# Changing Eepers & Mom's bedding?



## dragonegg (Oct 2, 2007)

Waffle gave birth yesterday. She made a very nice nest out of strips of cloth and papertowels. First she also used the Yesterday's News from her litter box (including her poop), but I removed that because I read somewhere that it would be bad for the babies.

Now I wonder when I should change their bedding? What to do with the eepers meanwhile? Should I use papertowel again? And when can I put the litter box back in for Waffle?


----------



## miloandroxie (Dec 19, 2007)

I first changed Roxie's bedding the day after she gave birth. Everything was poopy or bloody and she obviously hadn't moved from that one corner in the past 24 hours. 
What I did was, I moved mom into her spare cage and set up a heating pad on low with a big comfy towel over it. I placed the bubs on the towel and proceded to clean the cage as usual, not using spays or anything. I then lined the cage with Carefresh and Yesterday's News and tore up strips of fabric, newspaper and paper towels. I placed them where she had originally nested and threw in a couple strips of the bloodied fabric and paper towel strips along with the nesting material.
I then placed the bubs in a careful pile near the nest and then put mom in the cage (in an area where she would see the bubs before approaching the nest and not step on them). Then I let her be.

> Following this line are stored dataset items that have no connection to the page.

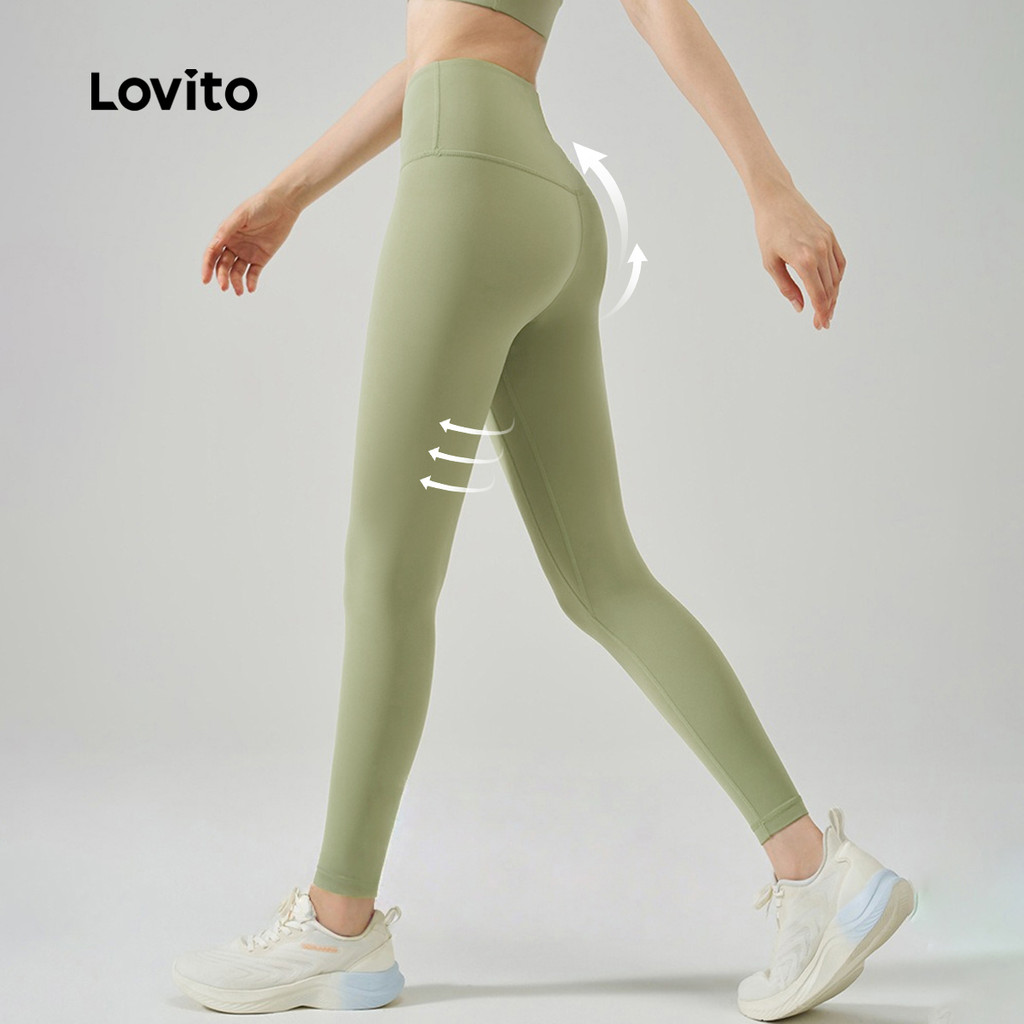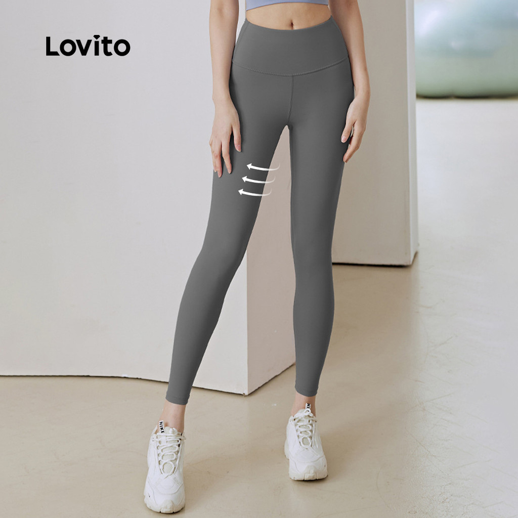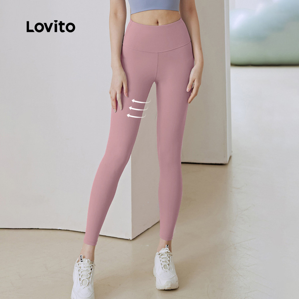 Lovito Leggings Esportivas Controle de Barriga Levantamento de Bumbum Elástico em Quatro Direções rosa LNA133049
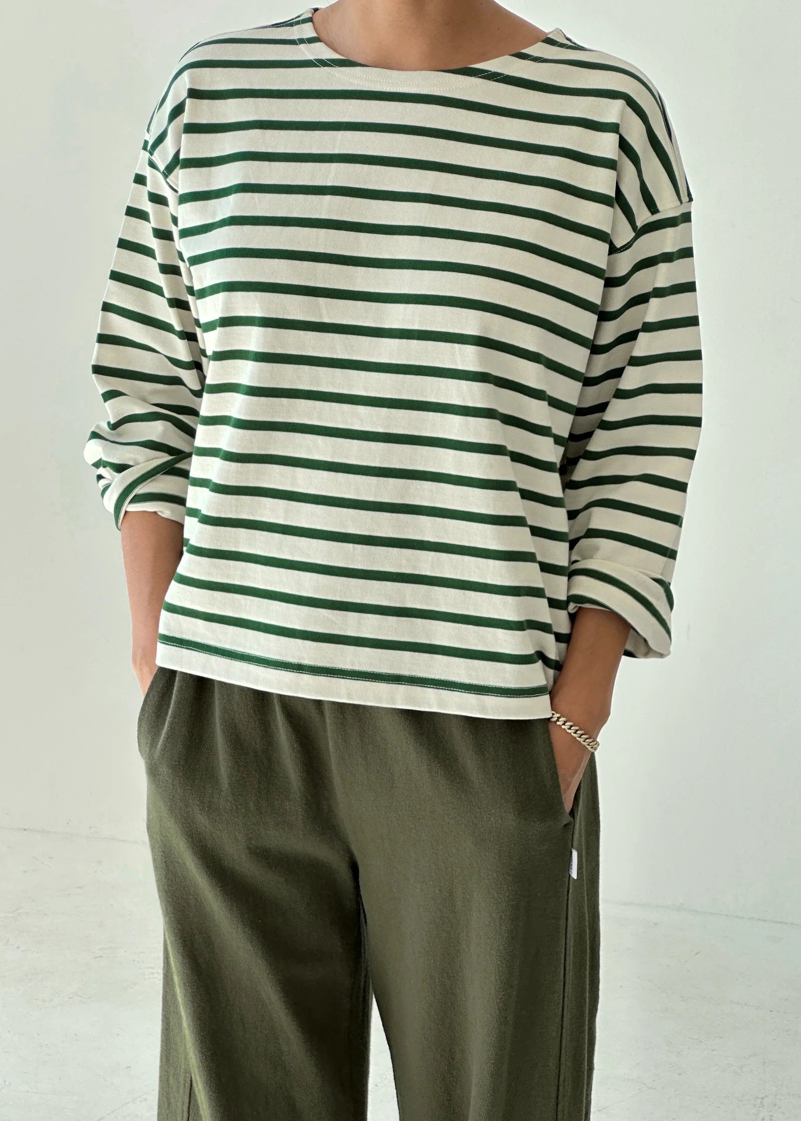A nautical long sleeve with a classic fit. Stripe and boxy shape, but updated with a flattering round neckline and a slightly cropped length that pairs effortlessly with high-waisted bottoms.
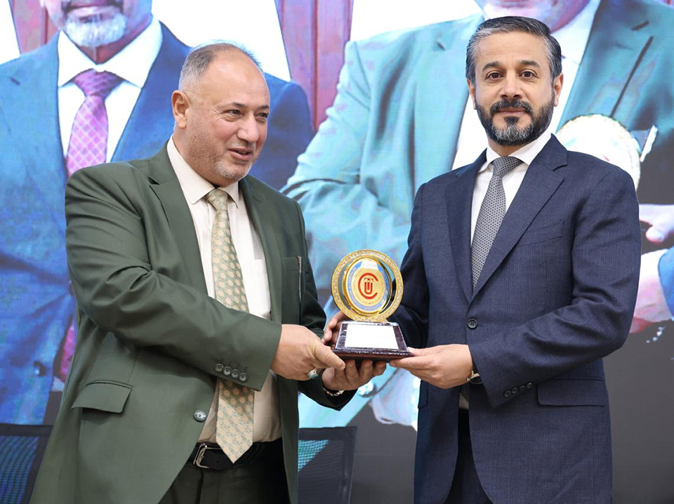 كرم وزير التعليم العالي والبحث العلمي الدكتور نعيم العبودي الفائزين بجائزة التميز لمطوري الذكاء الاصطناعي.
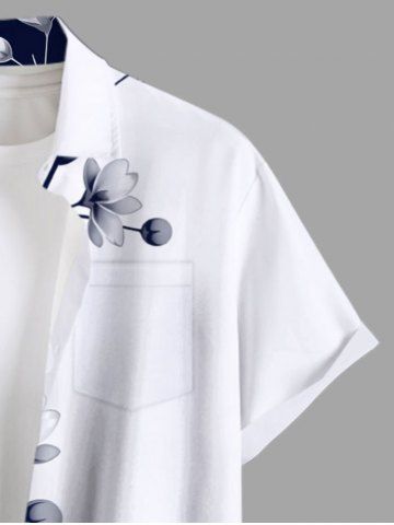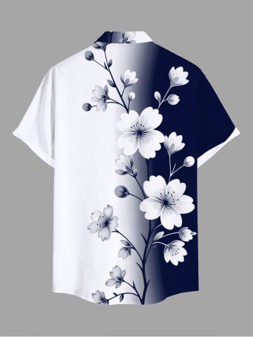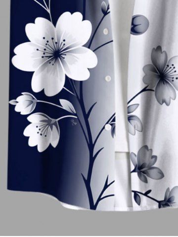 Plus Size Dip Dye Ombre Flower Branch Print Hawaii Button Pocket Shirt For Men - White - 6xl
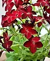 Nicotiana × sanderi,[4] also known as Nicotiana × sanderae, is a hybrid of the tobacco species Nicotiana alata (syn. N. affinis) and Nicotiana forgetiana (syn. N. rubra).[2][5] It is the most common ornamental Nicotiana variety found and sold in the United Kingdom. Nicotiana × sanderi requires soft soil mixed with sand to thrive. The plant will grow to heights of 3 feet (0.91 m) and will give off a sweet scent in the evening, like most Nicotiana plants. Nicotiana × sanderi is not hardy against frost and will die if it comes in contact with it; however, it withstands drought. Because of its size, N. × sanderi is used as a house or garden plant.
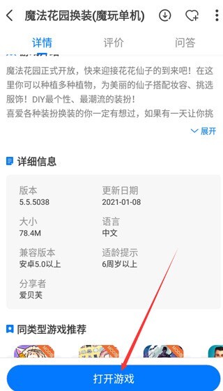 3、这里小编选了魔法花园换装游戏,能看到已经改成大量金币和钻石了,接下来点最下面的就行。
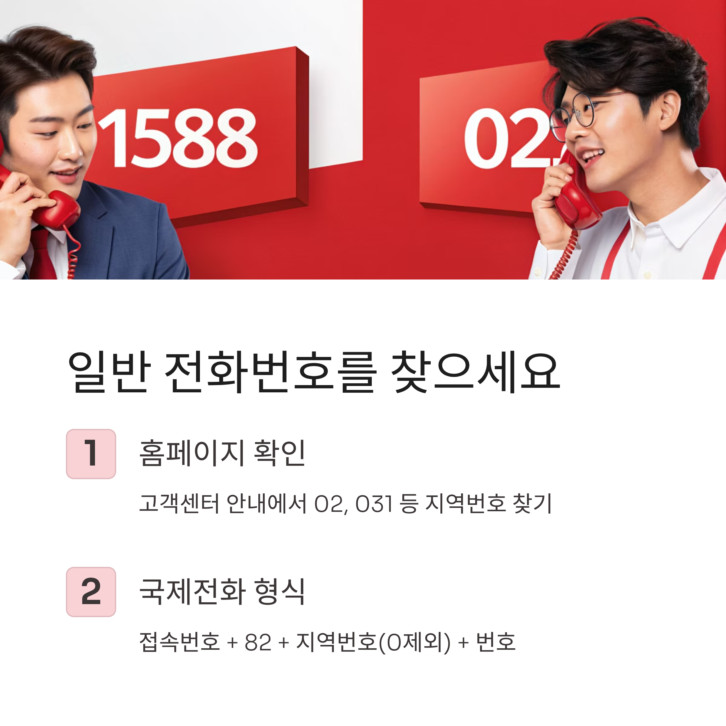 일반 유선전화 번호(02, 031 등 지역번호 포함)를 함께 운영합니다.
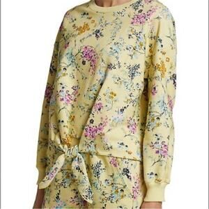 The Cinq à Sept Women's Parker Sakura 2 Piece Set in Yellow Floral Giles features a round neckline, long sleeves, and a regular fit. Made of cotton material, this outfit includes a sweatshirt and tapered-leg pants with a 27-inch inseam. Perfect for activewear or casual occasions, this set is designed for women in a size small and showcases a vibrant yellow multicolor floral pattern. A stylish and comfortable addition to any wardrobe, this outfit from the popular brand Cinq à Sept offers a fashionable and coordinated look for any woman.
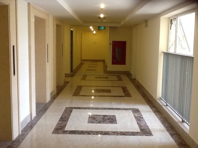 Hình ảnh khang trang, hiện đại tại hành lang trước cửa buồng thang máy
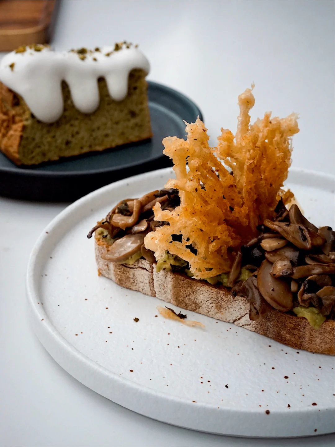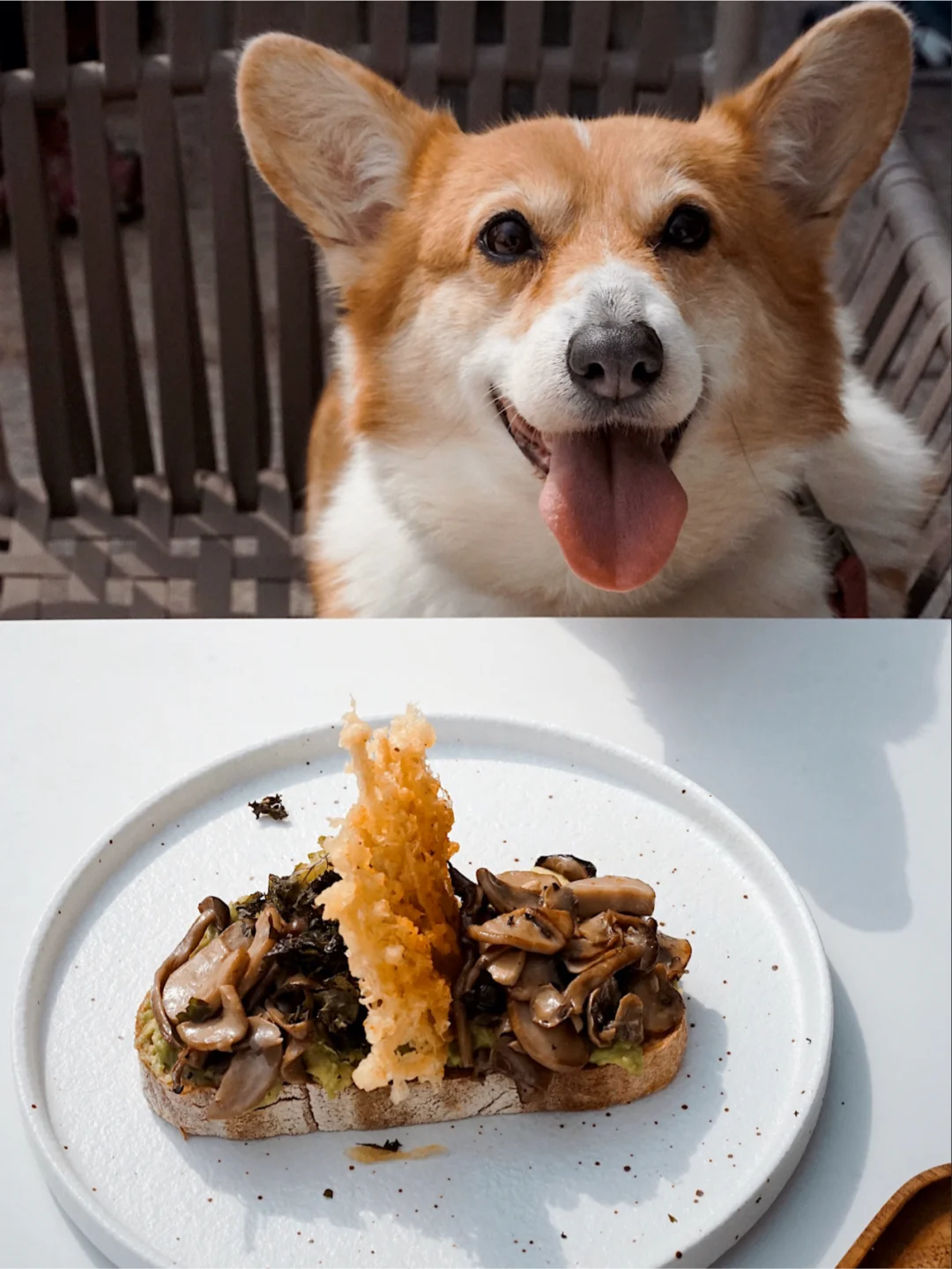 3⃣️炸炸菌羽衣甘蓝牛油果酱酸种面包:杂菌的造型有点浮夸,但我家狗狗馋到流口水。我很喜欢面包上的冬菇和蘑菇,很入味,口感很好。
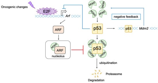 To ensure appropriate control and coordination of p53 activity under normal cell conditions and in response to a variety of cellular stresses, the activation of p53 triggers feedback mechanisms to negatively regulate its activity. The activation of p53 enhances the expression of its negative regulator MDM2 [] and suppresses the expression of its positive regulator ARF [], thereby fine-tuning its own activity (Figure 5).
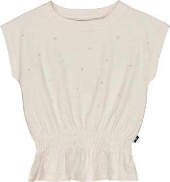 Pearly beads give a graceful sparkle to a charming sleeveless cotton top with gentle smocking through the waist for a look that cool kids will love.
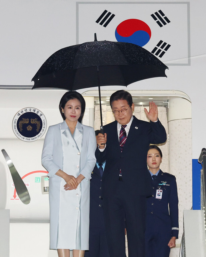 South Korean President Lee Jae Myung (C), accompanied by his wife, Kim Hye Kyung (L), heads home from Calgary International Airport in Calgary, Canada, on June 17, 2025, after attending the Group of Seven summit. (Yonhap)
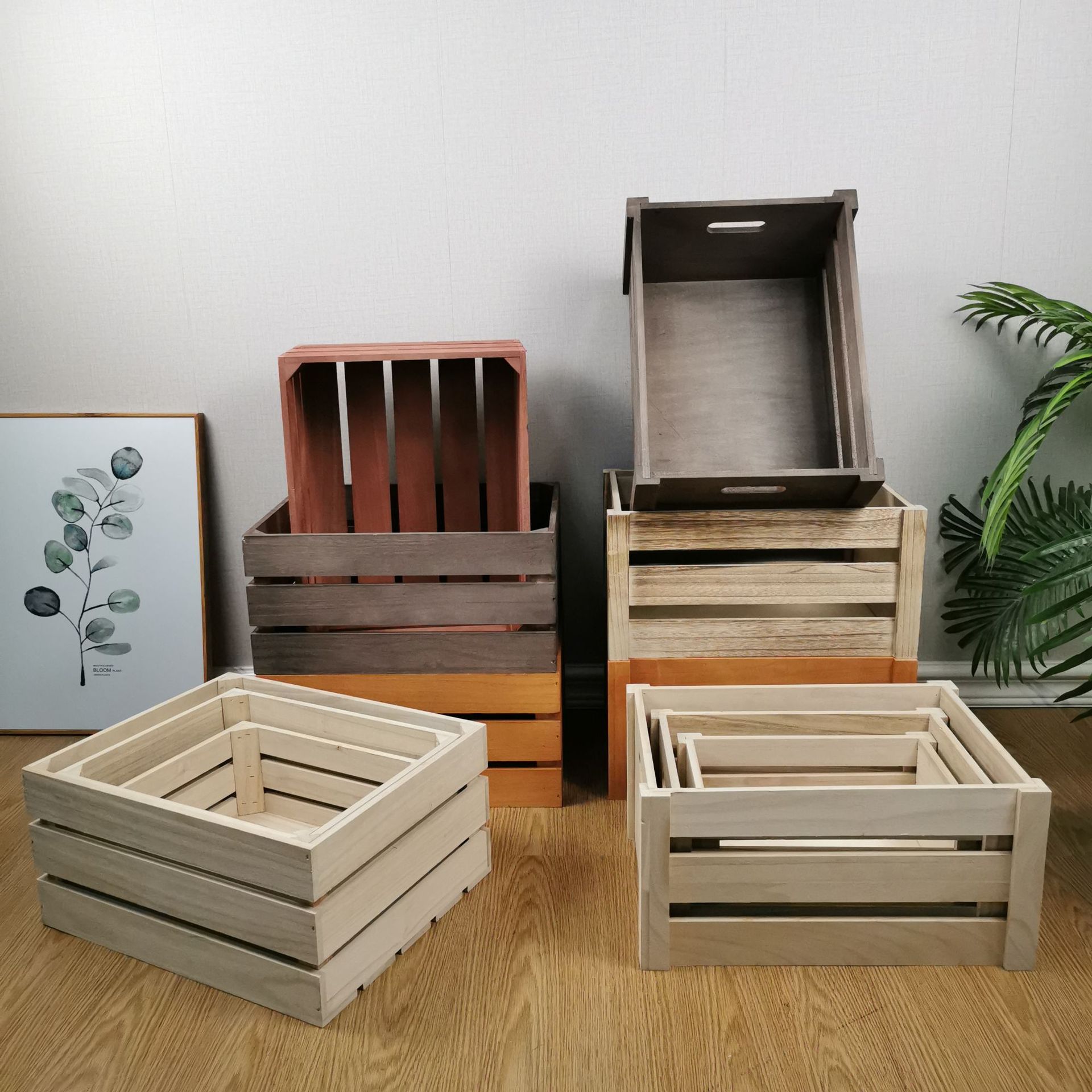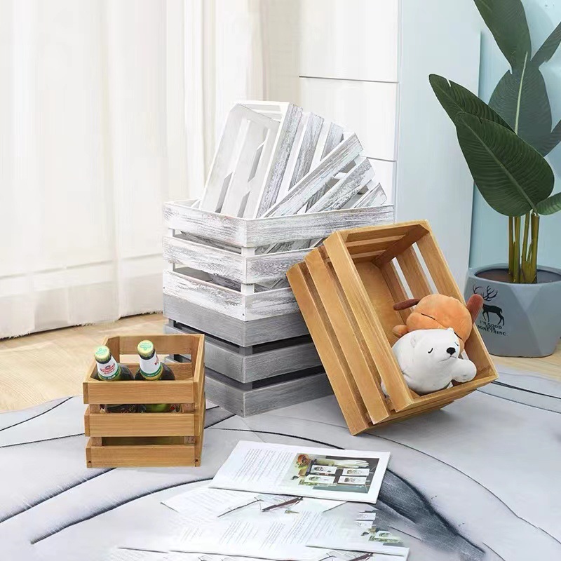 跨境木质收纳箱 大容量长方形木条收纳筐 杂物家用超市物品收纳盒

I hope this is helpful. And if mom gets violent (Roxie was very aggresive the first week after the babies were born) try winter gloves or padded socks on your hands. Treats for mom help too.  Good luck with your babies!


----------



## dragonegg (Oct 2, 2007)

Thanks. Waffle isn't aggressive at all. In fact, she seemed so happy and relieved after the birth, and proud, too. She's a good little mommy. She also didn't poop in her nest, she went to do it in the corner farthest away from her babies. Maybe I'll wait another day before I clean them up.


----------